Schedule Configuration Options

Each schedule in schedule_config supports:

  • job_name (required): Name of the job to schedule (must match a job name)
  • crontab_schedule: Cron-style schedule expression in Cron Format (Where * * * * * represents the minute, hour, day_of_month, month, and day_of_week). For example:

    • 0 0 * * *: Daily at midnight
    • 0 */4 * * *: Every 4 hours
    • 0 0 * * 0: Weekly on Sunday
  • run_frequency: An alternative to crontab that uses time units (e.g., 30s, 5m, 1h to represent the <count><unit>). Unit may be: s (seconds), m (minutes), h (hours); the minimum run_frequency is 5m.
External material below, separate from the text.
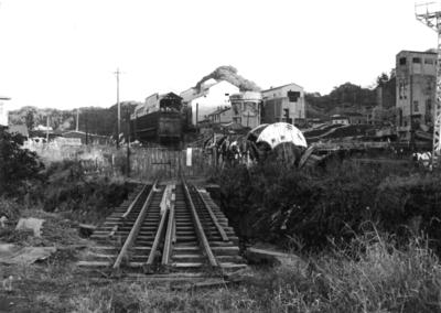 常磐炭礦(湯本町向田) 国道6号と交差していた常磐炭礦の専用鉄道向田線。写真奥に常磐炭礦西部礦の石炭積込場などの施設が見えます。〔昭和51(1976)年7月 須永秀夫氏撮影〕
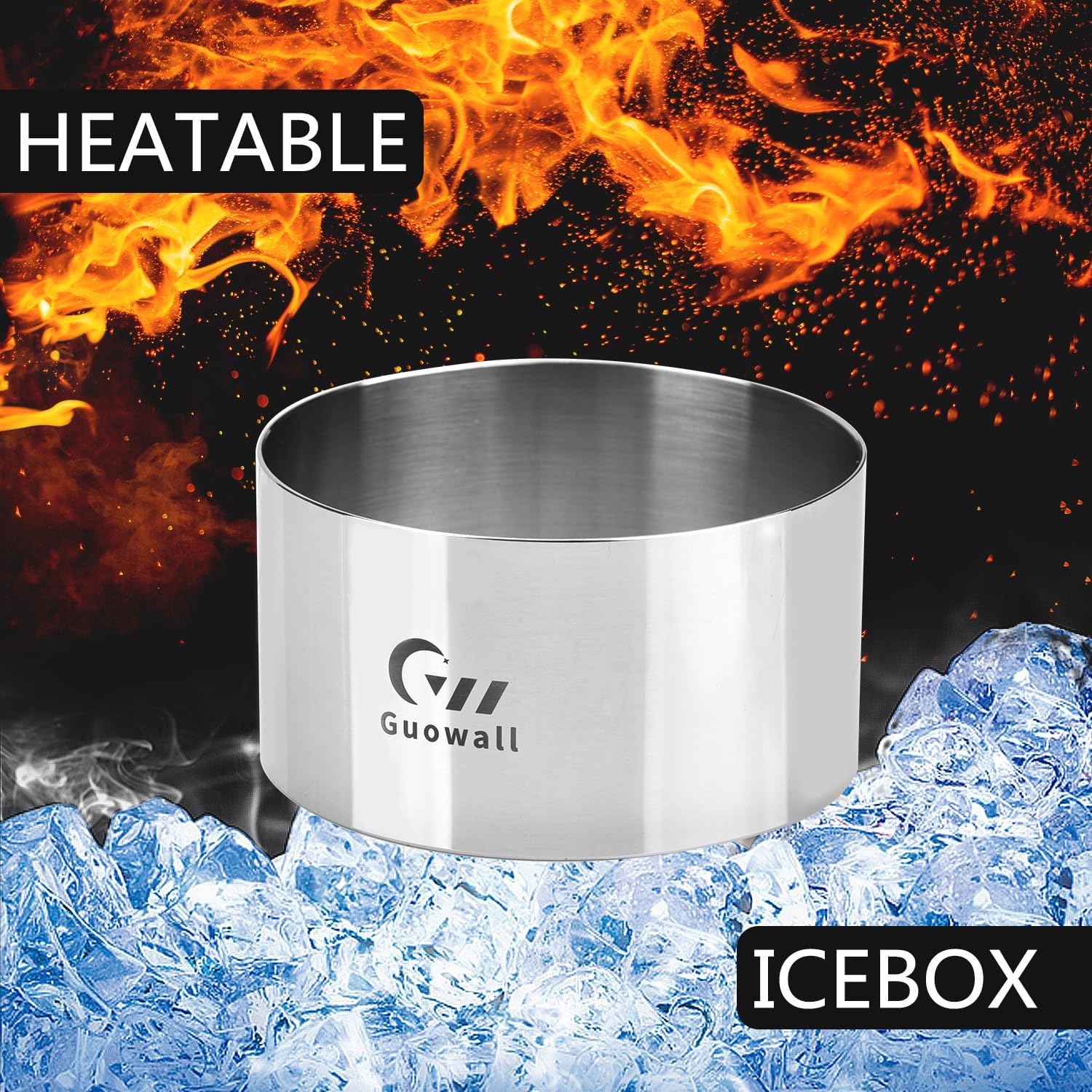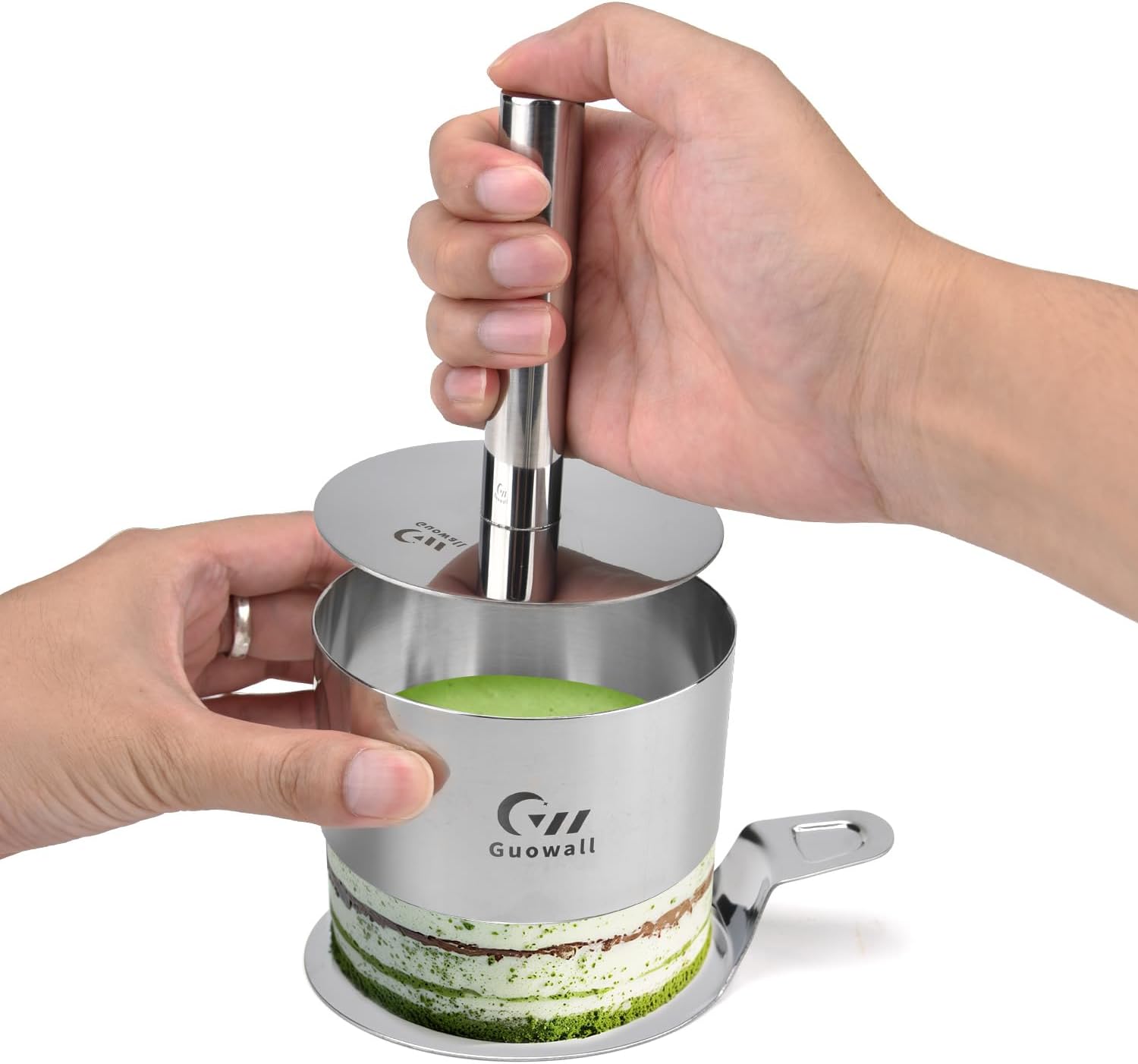 Guowall 4 pack Seamless Mousse Cake Ring set Stainless Steel 4 inch Round Food Mold Dessert Cutter for Baking (Includes 1 Lifter, 1 Pusher and 4 Rings)

For example:

    • 30s: Every 30 seconds
    • 5m: Every 5 minutes
    • 1h: Every hour
    • enabled: Whether the schedule is active (default: False).
    • rerun_after: Time to wait before rerunning if differences found.

For Example

schedule_config = [
    {
        "job_name": "t1",
        "crontab_schedule": "0 0 * * *",    # Run at midnight
        "run_frequency": "30s",             # Alternative to crontab
        "enabled": True,
        "rerun_after": "1h"                # Rerun if diff found after 1 hour
    },
    {
        "job_name": "t2",
        "crontab_schedule": "0 */4 * * *",  # Every 4 hours
        "run_frequency": "5m",              # Alternative to crontab
        "enabled": True,
        "rerun_after": "30m"
    }
]

Starting the Scheduler

The scheduler starts automatically when ACE is started.

./pgedge ace start

Best Practices

  1. Resource Management:

    • Stagger schedules to avoid overlapping resource-intensive jobs
    • Set appropriate max_cpu_ratio, block_rows, and batch_size values based on the table size and expected load
  2. Frequency Selection:

    • Use crontab_schedule for specific times
    • Use run_frequency for regular intervals

Scheduling Auto-Repair Jobs (Beta)

The auto-repair module monitors and repairs INSERT-INSERT exceptions in tables containing data that has been detected to have diverged. It runs as a background process, periodically checking for inconsistencies and applying repairs based on configured settings.

To enable auto-repair, specify your auto-repair preferences in ace_config.py:

auto_repair_config = {
    "enabled": False,
    "cluster_name": "eqn-t9da",
    "dbname": "demo",
    "poll_frequency": "10m",
    "repair_frequency": "15m"
}

Configuration Options

  • enabled: Enable/disable auto-repair functionality (default: False)
  • cluster_name: Name of the cluster to monitor
  • dbname: Database name to monitor
  • poll_frequency: How often the Spock exception log is polled to check for new exceptions.
  • repair_frequency: How often to repair exceptions that have been detected.

Time Intervals

You can specify the time intervals for execution in either cron format or in a simple frequency format. Both poll_interval and status_update_interval accept time strings in the following formats:

Cron Format: * * * * * (minute hour day_of_month month day_of_week); for example:

- `0 0 * * *`: Daily at midnight
- `0 */4 * * *`: Every 4 hours
- `0 0 * * 0`: Weekly on Sunday

Run Frequency Format: <number><unit>; for example:

- Units: "s" (seconds), "m" (minutes), "h" (hours)
- Minimum: 5 minutes
- Examples:
    - "30s": Every 30 seconds
    - "5m": Every 5 minutes
    - "1h": Every hour

Note: The minimum frequency allowed is 5 minutes. However, you can modify that time by editing the MIN_RUN_FREQUENCY variable in ace_config.py.

Controlling the auto-repair Daemon

The auto-repair daemon starts automatically when ACE is started.

./pgedge ace start

Common Use Cases

Auto-repair is a great candidate for handling use-cases that have a high probability of INSERT-INSERT conflicts. For example, on bidding and reservation servers, INSERT-INSERT conflicts are likely to arise across multiple nodes.

Limitations and Considerations

  • The auto-repair daemon is currently limited to handling INSERT-INSERT conflicts only.